Collected data

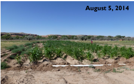
August 5, 2014
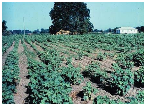
Figure 3. Severe root-knot nematode damage in sandy areas of a field.

nematode species has expanded its range throughout the eastern half of the state, and reniform nematodes have now been identified in both cotton and soybean fields in 11 counties from the Louisiana line to the Missouri Bootheel.
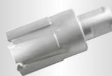
Core Drills Rail TCT
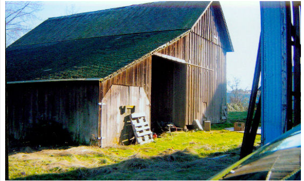
All Koch Farm barns and houses on Tualatin-Sherwood Road, were demolished the week of April 12, 2009.
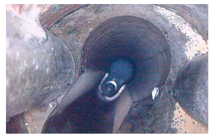
Figure 2: Impact damage identified from tool impact at SPM

As a result, the operator was able to move on to the next well in the sequence and maximize the efficiency of the campaign.
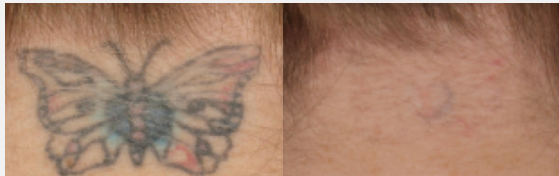
Before & After 6 Treatments
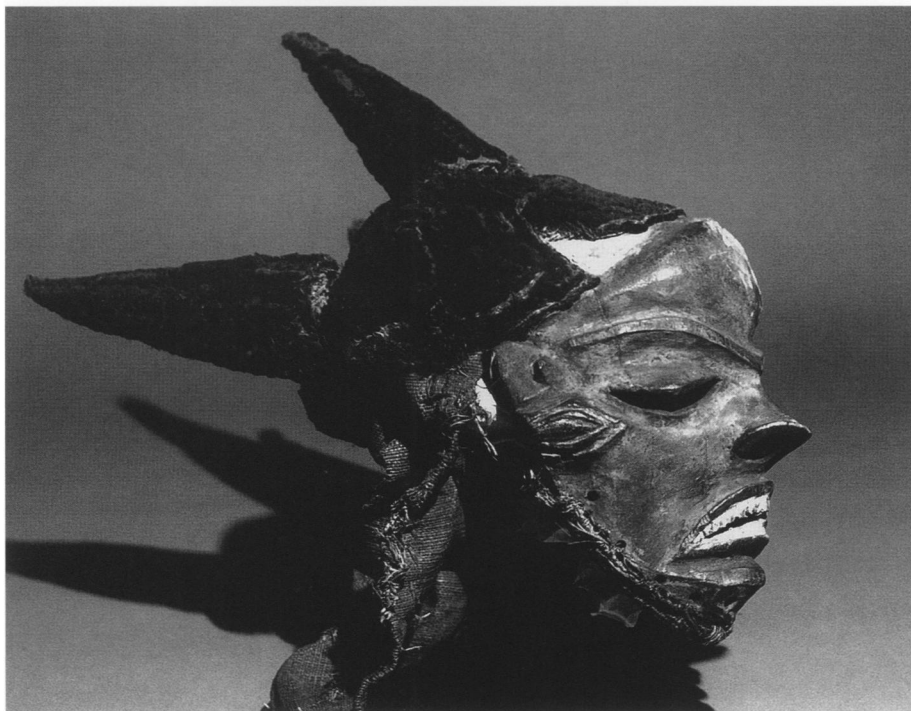
Z. S. STROTHER

However, if the chief's mask is contrasted with that of Pumbu , the killer, one can easily perceive the degree to which Gabama modulated its form. Its surface is burnished and smooth, whereas the Pumbu mask shows the faceting of the adze. The chief's brow is broader and shallower in relief. The eyes are smaller in size and the eyelids "drop"; they do not protrude out to the side as they do in the Pumbu facepiece. In profile, the horns of the coiffure are blunter (Fig. 1), and the nose and chin are rounded. The sculptor Zangela Matangua particularly admired
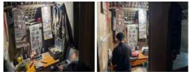
Figure 2: The First Step Of The Cap Sac Ritual, Where The Master Reports To The The Altar Of Master Cap Sac's House. This Action Initiates The Ritual, Consolidates The Master's Authority, And Highlights The Importance Of Formal Notification For The Legitimacy Of The Ceremony.

The following figures, documenting various stages of the Cap Sac ritual performed by the San Chay community in Thai Nguyen, Vietnam, were collected by the author during fieldwork.
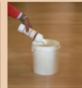
3. Care with HYDRO CARE
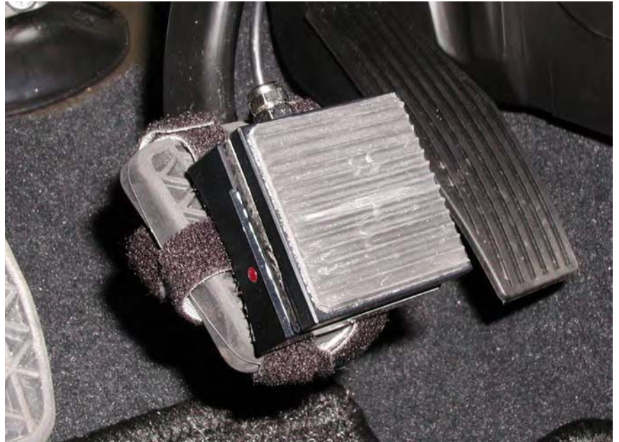
PFS fitted to Brake Pedal

The PEGASEM PFS pedal force sensors have been developed for homologation tests of vehicle brakes. Many testing procedures demand the exact recording of the pedal force applied during a brake test, e.g. ECE R-13, ECE R-90, DIN70028, MVSS135 , MVSS121.
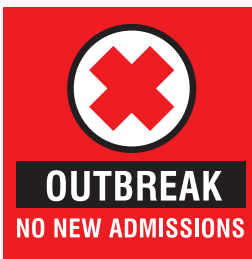
S3-02 Outbreak - No New Admissions EN
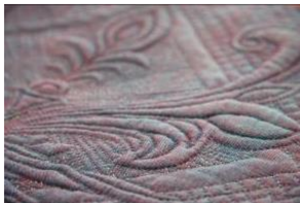
My cupboard door. The design of this small piece comes from a cupboard door - cotton quilted in metallic thread with trapunto
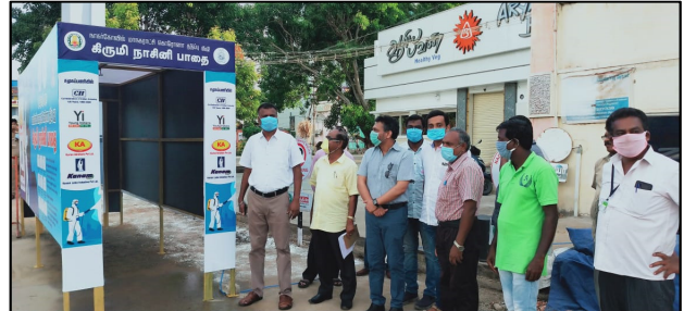
Disinfection Tunnel in Thoothukudi

In Thoothukudi, 2,600 mask, 1,40,000 Gloves, 25 PPE suits and sanitizers have been distributed within the city and government offices. An approximate of over 1.4 lakh beneficiaries have benefitted from these initiatives.

- _Exercise description_: Using the data above, give again exactly the lines starting at the one holding "PFS fitted to Brake Pedal" and ending at the one holding "Disinfection Tunnel in Thoothukudi", inclusive, and nothing more. Omit the pictures.

- _Completed task_:
PFS fitted to Brake Pedal

The PEGASEM PFS pedal force sensors have been developed for homologation tests of vehicle brakes. Many testing procedures demand the exact recording of the pedal force applied during a brake test, e.g. ECE R-13, ECE R-90, DIN70028, MVSS135 , MVSS121.
S3-02 Outbreak - No New Admissions EN
My cupboard door. The design of this small piece comes from a cupboard door - cotton quilted in metallic thread with trapunto
Disinfection Tunnel in Thoothukudi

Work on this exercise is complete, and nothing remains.